This order disagrees. A penalty is that "which an individual is allowed to recover against a wrong-doer, as a satisfaction for the wrong or injury suffered, and without reference to the actual damage sustained." Id. at 1104. The complaint alleges that insufficiently itemized statements accompanying plaintiff's paychecks "ha[ve] allowed StoneMor not to pay Plaintiff and Class Members the pay to which they were allegedly entitled but did not receive" (First Amd. Compl. ¶ 67); it also alleges that defendants instructed plaintiff not to report hours in excess of 40 per week, regardless of the number of hours actually worked (First Amd. Compl. ¶ 56-57). Failure to provide complete and accurate itemized paystubs could have made the alleged under-reporting of wages more difficult to detect and confront. Lost wages may thus be considered damages under Section 226. See Cornn v. United Parcel Service, Inc., 2006 WL 449138 *3 (N.D. Cal. Feb. 22, 2006) (Judge Thelton Henderson). Section 226 has two applicable statutes of limitations — one year for penalties, and three years for damages, which fall under California Code of Civil Procedure Section 338 for "an action upon a liability created by statute, other than a penalty or forfeiture." See Delgado v. Deanda, 2012 U.S. Dist. LEXIS 72730 at *3-4 (N.D. Cal. Dec. 18, 2012) (Judge Lucy Koh). Exactly which items are penalties and which are damages will be sorted out at trial, but at least some damages are alleged. Remember, Section 226(e) specifically calls out "damages" as available thereunder.

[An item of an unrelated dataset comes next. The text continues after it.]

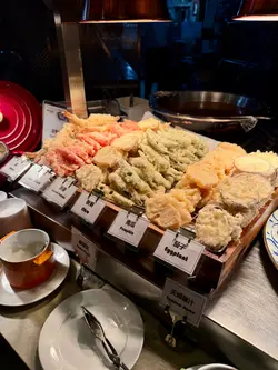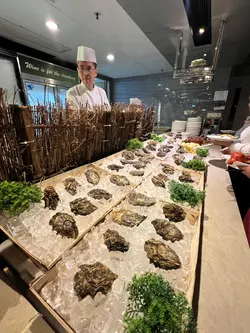 呢間buffet本身已經好出名,今次做個乖乖女,帶埋媽媽嚟食好野(⁎⁍̴̛ᴗ⁍̴̛⁎) 一入到餐廳,我嘅靈魂已經比甜品吧吸引咗🤩一陣要留肚大食特食🤤🤤🐮佐賀牛Corner呢個corner擺咗好大嚿佐賀牛出嚟,睇得出雪花分明,品質好高👍🏻仲可以揀唔同做法,包括Shabu Shabu、烤牛肉同鐵板燒,個人最推係Shabu Shabu,可以食到好Juicy嘅佐賀牛本牛🤤🦪生蠔吧有師傅坐陣即開生蠔,每人每次限拎兩隻,但亦都因為咁而超級新鮮,唔怕行嘅可以拎多幾轉食返夠本🤣🤣(題外話,師傅好搞笑🤣🤣)🦞刺身、海鮮超級新鮮,大推赤貝同紅蝦,有時仲會有原隻嘅波士頓龍蝦🦞可以拎,但唔係刺身嚟嘅🙈(可惜我哋呢日唔遇唔到😭)🐟蒸左口魚唔腥,亦都唔會因為保溫而變乾變嚡,好好食🤤講返甜品先,所有款式都好精緻,款式又多,食多幾款都唔怕🫰🏻不過我淨係試咗兩款都已經好飽好滿足了🥹🥚燉蛋焦糖好脆,蛋味濃郁好滑,不過再多啲生果會更好🥛牛奶奶凍牛奶味好濃💕我哋仲有食心太軟,外皮脆口,一咬開啲朱古力漿就湧出嚟💕師傅手字好靚都係一個加分位👍🏻中意食甜品嘅絕對要嚟試吓(幫我試埋其他款式吖🤣🤣)…查看更多

As part of their larger argument that damages under Section 226(e) should be construed as penalties, defendants assert that plaintiff's recovery under the statute cannot exceed the $4,000 penalty cap. It became clear during oral argument that defendants' interpretation of 226(e) stems in part from a misreading of Cornn v. United Parcel Service, Inc. The district court in Cornn noted that Section 226(e)'s broad language "provides for recovery of `all actual damages' with no qualifications other than a $4,000 aggregate limit." Cornn v. United Parcel Service, Inc., 2006 WL 449138, at *4. The central holding in Cornn, however, was that wages were recoverable as "actual damages" under Section 226 — not, as defendants contend, that recovery under Section 226(e) is limited to a $4,000 penalty (Reply Br. 7). The holding in Cornn does not support defendant's proposition, and defendants' bring no further decisions to support their strained reading of the statute.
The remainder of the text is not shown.